Mosimann R, Loup P
Helv Chir Acta. 1978 May;45(1-2):181-96.
We observed 16 patients suffering from postoperative gastritis: 8 after a truncal vagotomy with pyloroplasty, 6 after a Billroth II type gastrectomy, 1 after a truncal vagotomy with a Billroth I type antrectomy, 1 after correction of a hiatal hernia with pyloroplasty. Symptoms appeared from 1 month to 16 years after surgery. They consisted in epigastric pain, nausea, vomiting, weight loss. The diagnosis is established essentially on the clinical picture and the endoscopy, which shows the presence of bile in the stomach and hyperemia of the mucosa. Microscopic lesions are constant, but there is no histologic specificity. 12 of 16 patients were operated on (Roux-enY loop). The reflux was suppressed in each case. Results of the operation were excellent or good in 10 patients, fair in one and unsatisfactory in one.
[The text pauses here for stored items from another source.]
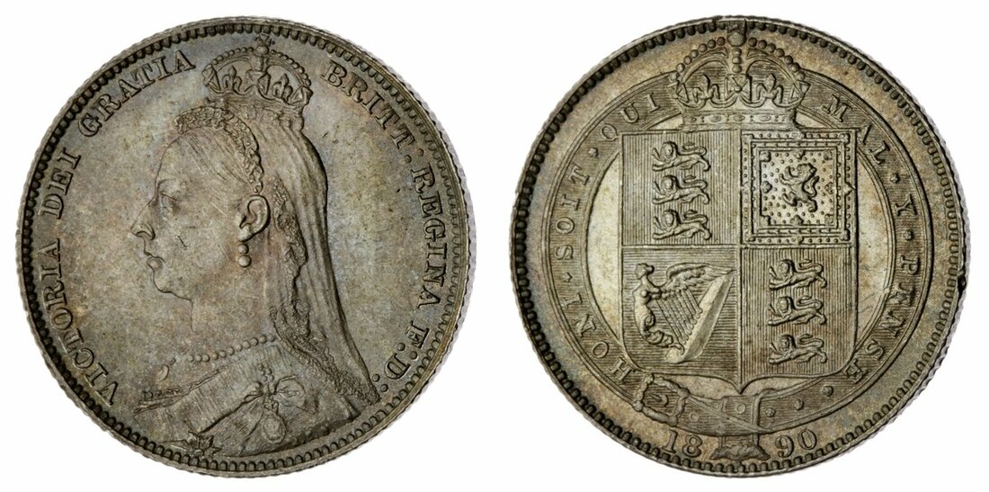 Victoria (1837-1901), 'Jubilee' Shilling, 1890 (Spink 3927; ESC 3144(1357)), choice mint state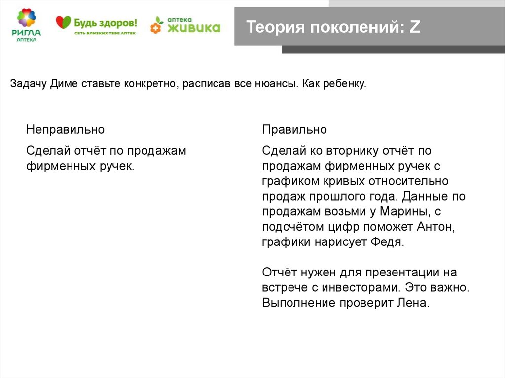 Теория поколений: ZЗадачу Диме ставьте конкретно, расписав все нюансы. Как ребенку.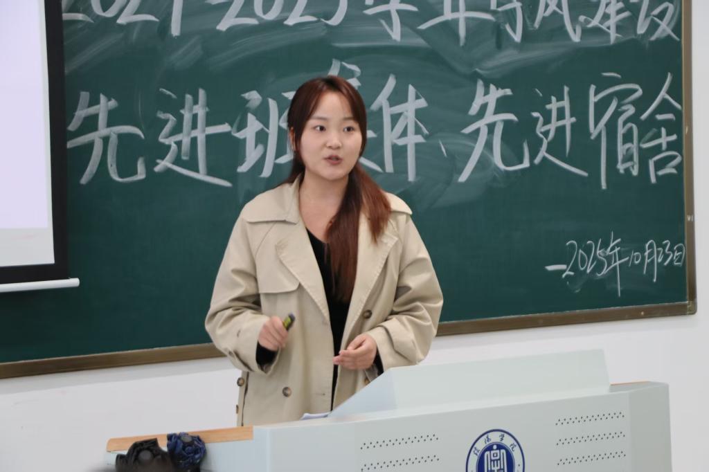 10月24日下午,文学院于教一楼416、418、518教室开展2024—2025学年学风建设先进班集体与宿舍评选活动。2022级汉语言文学本科16班、2023级广播电视编导3班、2024级汉语言文学本科9班等8个班级,以及2号公寓413室、3号公寓417室等63间宿舍参与评选。辅导员项德鹏、李斌、段艳婷担任评委,石锦玉、陈雨晴、王兰基担任主持。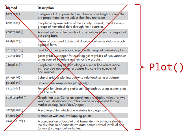 The SO’s Plot() class comes with many methods for specifying marks, scale data, faceted or paired subplots, figure dimensions, labels, and saving plots, etc. These are listed in the following diagrams.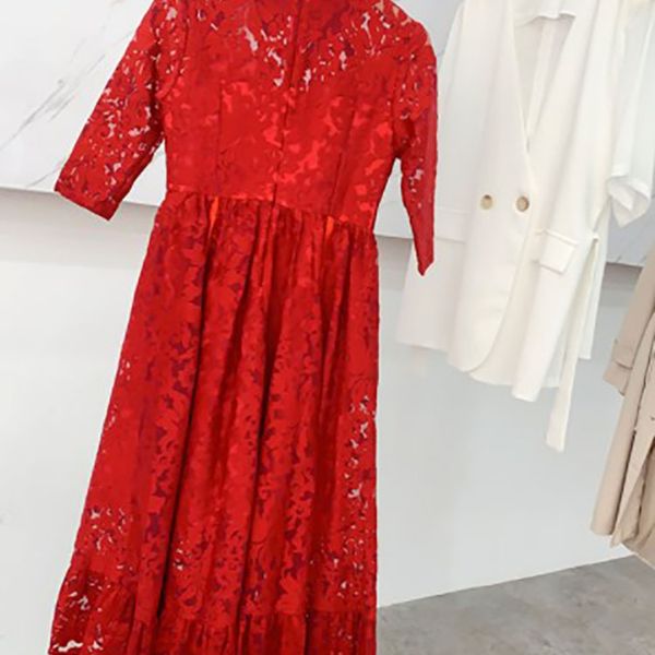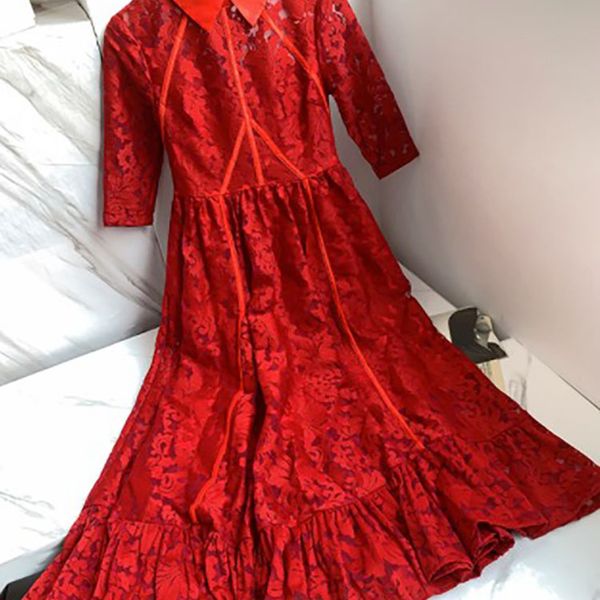Women's New Summer Fashion Long Sleeve Polo Collar Floral Ruffle Dress

我们观察了16例术后胃炎患者:8例为行迷走神经切断术加幽门成形术之后,6例为毕Ⅱ式胃切除术后,1例为迷走神经切断术加毕Ⅰ式胃窦切除术后,1例为食管裂孔疝修补术加幽门成形术后。症状出现在术后1个月至16年。症状包括上腹部疼痛、恶心、呕吐、体重减轻。诊断主要基于临床表现和内镜检查,内镜检查显示胃内有胆汁且黏膜充血。微观病变是持续存在的,但没有组织学特异性。16例患者中有12例接受了手术( Roux-en-Y袢)。每种情况下反流均得到抑制。10例患者手术结果为优或良,1例为尚可,1例为不满意。